Figure 7 shows TEM images of transverse epidermal sections. Cuticle pegs were well developed at 20 daa (Fig. 7A); deposition of cuticle material on the anticlinal and inner periclinal walls of the epidermis continued throughout this period until red ripe (Fig. 7, C and E). High magnification images of the cuticle during this period showed a homogenous electron-dense cuticle layer without distinction between layers with different osmiophilic behavior (Fig. 7, B, D, and F). The globular nature of the inner cuticle surface was lost during this period, despite cuticle deposition continuing throughout this period.

Figure 7.

Figure 7.

TEM pictures of epidermal cross sections of Cascada fruits during cell expansion and ripening. A, B, 20 daa, bar 10 μm (A) and 2 μm (B); C, D, 35 daa, bar 10 μm (C) and 2 μm (D); E, F, 55 daa, bar 10 μm (E) and 2 μm (F).

Cell wall ultrastructure showed an amorphous, mostly electron-clear nature at early stages of development (Fig. 8A). At 5 daa, the cell wall started to show a reticulate nature (Fig. 8B). By 10 daa, this reticulate disappeared and an organized multilayered cell wall was detected (Fig. 8C).
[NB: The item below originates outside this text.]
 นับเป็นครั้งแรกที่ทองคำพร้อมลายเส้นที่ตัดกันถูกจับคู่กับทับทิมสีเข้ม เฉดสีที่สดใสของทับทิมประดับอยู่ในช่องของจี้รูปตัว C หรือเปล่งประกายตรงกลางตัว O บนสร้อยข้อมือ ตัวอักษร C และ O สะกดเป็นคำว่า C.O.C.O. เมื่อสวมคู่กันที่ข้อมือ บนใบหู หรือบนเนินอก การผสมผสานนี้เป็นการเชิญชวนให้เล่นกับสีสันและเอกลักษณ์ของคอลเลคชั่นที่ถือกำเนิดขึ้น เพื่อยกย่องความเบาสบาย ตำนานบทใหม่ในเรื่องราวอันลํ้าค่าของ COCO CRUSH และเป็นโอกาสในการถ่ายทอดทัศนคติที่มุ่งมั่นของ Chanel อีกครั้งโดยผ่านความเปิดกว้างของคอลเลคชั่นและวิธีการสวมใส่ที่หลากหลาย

This cell wall structure of parallel layers of electron-dense and electron-clear material remained constant until ripening (Fig. 8, D–F).

Figure 8.

Figure 8.

Cell wall ultrastructure of Cascada fruit epidermis. 2 daa (A), bar 0.2 μm; 5 daa (B), bar 0.5 μm; 10 daa (C), bar 1 μm; 14 daa (D), bar 1 μm; 30 daa (E), bar 1 μm; 50 daa (F), bar 2 μm.
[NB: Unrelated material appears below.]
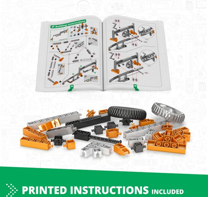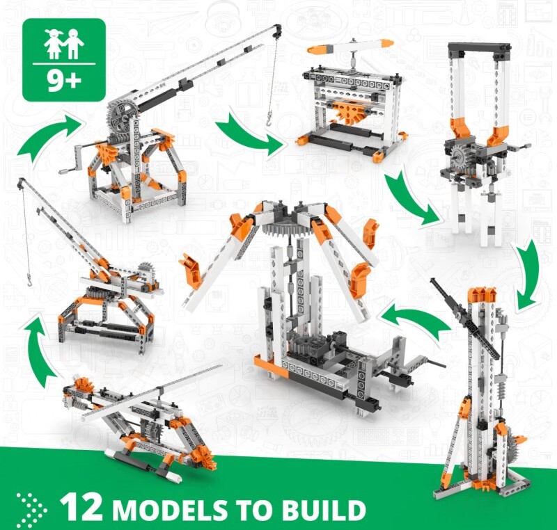 Zistite, ako môžu prevody jednoducho znížiť alebo zvýšiť rýchlosť, zmeniť silu alebo preniesť pohyb z jednej polohy do druhej. Zistite, ako sa závitkové prevodovky používajú na výrazné zníženie rýchlosti otáčania a ako môžu skrutky premeniť rotačný pohyb na lineárny a zároveň výrazne zvýšiť silu. Postav si 12 funkčných modelov ako je experimentálny žeriav, prevodovka, kolotoč, helikoptéra, skrutkový lis a žeriav s otočným ramenom. Jednoduché návody na zostavenie všetkých modelov nájdete buď online, alebo v priloženej brožúre. Brožúra poskytuje podrobné vysvetlenia rôznych použitých vedeckých princípov a zahŕňa inovatívne experimentálne aktivity pre praktické učenie. K dispozícii je aj sekcia Kvíz, v ktorej môžete otestovať svoje novonadobudnuté vedomosti!

Immunocytolocalization of Cell Wall Components to the OEW

Changes in cell wall composition were studied with antibodies against the main cell wall components: methyl-esterified and non-esterified pectin and cellulose. Table I shows changes in pectin and cellulose labeling density of the cell wall throughout during fruit development. The presence of non-methyl-esterified pectin was restricted to the early stages of development, from ovary to 7 daa (Fig. 9A), and was not detected during the rest of fruit development and ripening. On the contrary, methyl-esterified pectin was detected during the first stages of development (from ovary until 10 daa) (Fig. 9B) and later on during ripening with a lower density. During the period of cell expansion, esterified pectins were scarcely detected. Crystalline cellulose was detected in the cell wall during fruit growth but was absent during ripening (Fig. 9, C and D). Labeling was not restricted to any specific area of the cell wall but distributed along it. No labeling was detected within the cuticle.
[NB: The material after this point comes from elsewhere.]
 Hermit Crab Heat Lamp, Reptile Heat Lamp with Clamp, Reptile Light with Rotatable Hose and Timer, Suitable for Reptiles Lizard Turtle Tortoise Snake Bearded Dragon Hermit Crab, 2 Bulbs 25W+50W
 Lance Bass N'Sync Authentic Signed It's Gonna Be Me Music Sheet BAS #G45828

Table I. Pectin and cellulose labeling density during tomato fruit development.

Labeling density in the outer epidermal wall is expressed as the number of gold particles per μm2.

Stage (daa) Non-Esterified Pectin Esterified Pectin Crystalline Cellulose
Ovary 2.7 ± 0.4 3.9 ± 0.3 3.9 ± 0.4
2 2.7 ± 0.1 3.0 ± 0.4 1.3 ± 0.1
5 2.7 ± 0.7 4.1 ± 0.3 2.7 ± 0.3
7 2.9 ± 0.4 3.6 ± 0.2 3.1 ± 0.2
9 3.5 ± 0.3 3.2 ± 0.4
10 3.4 ± 0.2 3.7 ± 0.3
15 3.1 ± 0.3
20 4.5 ± 0.3
25 5.5 ± 0.5
35 5.5 ± 0.8
45 2.4 ± 0.1
55 2.2 ± 0.3

Data are presented as mean ± se. Controls without primary antibodies showed label density < 0.3. daa, days after anthesis; (—), no labeling or very disperse gold particles.

Figure 9.

Figure 9.

Immunolocalization of cell wall components in epidermal cross sections of Cascada fruits. 7 daa non-esterified pectin (A); 5 daa esterified pectin (B); ovary crystalline cellulose (C); 35 daa crystalline cellulose (D). Gold particles are encircled in red. Bars = 200 nm.

DISCUSSION

According to the standard and prevalent nomenclature, the plant cuticle consists of two different layers: the cuticle proper as the outermost region that appears at early stages of development, and the underlying cuticular layer that appears later on in development by cutin impregnation of a portion of cell wall (Jeffree, 2006). Thus, the more electron-dense cuticle proper is mainly composed of cutin and is free of polysaccharides, whereas the cuticular layer also contains polysaccharides derived from the cell wall (Jeffree, 2006). In this work we have omitted this nomenclature for several reasons. Tomato fruit cuticle does not show regions of different electron-density but appears as a more or less homogeneous osmiophilic layer. Moreover, contrary to other species such as Agave americana L. and Picea abies (L.) H. Karst (Jeffree, 2006), no clear boundary between a fibril-rich and non-fibril region can be detected within the cuticle. In this sense, OEW localization of cell wall components with antibodies failed to identify their presence in the cuticle, most probably because its dominant lipid nature hindered epitope recognition. Epitope masking has been reported to hinder recognition of cell wall components (Marcus et al., 2008). Therefore, we only differentiate two regions in the OEW: the cuticle (or cutinized cell wall) and the cell wall (or non-cutinized cell wall), based on the presence or absence of osmiophilic material of lipid nature.

Tissue Differentiation

In the short period spanning between anthesis and 2 daa, fertilization had occurred and fruit set had been initiated. This was clearly observed from the significant change in fruit size (almost doubling) that happened during this period, plus the histological changes observed in cross sections. At 2 daa, parenchyma differentiation had started and cells had increased their size and initiated a layered arrangement. However, the first three layers, which correspond to the future epidermis and collenchyma, remained undifferentiated. Epidermis and collenchyma differentiation did not start until 7 daa, before the beginning of the cell expansion period. Despite organization of the epidermal layer and cell arrangement, which did not start until 7 daa, the most distinguishing feature of epidermal cells, a thick and cutinized OEW, was already present in the ovary.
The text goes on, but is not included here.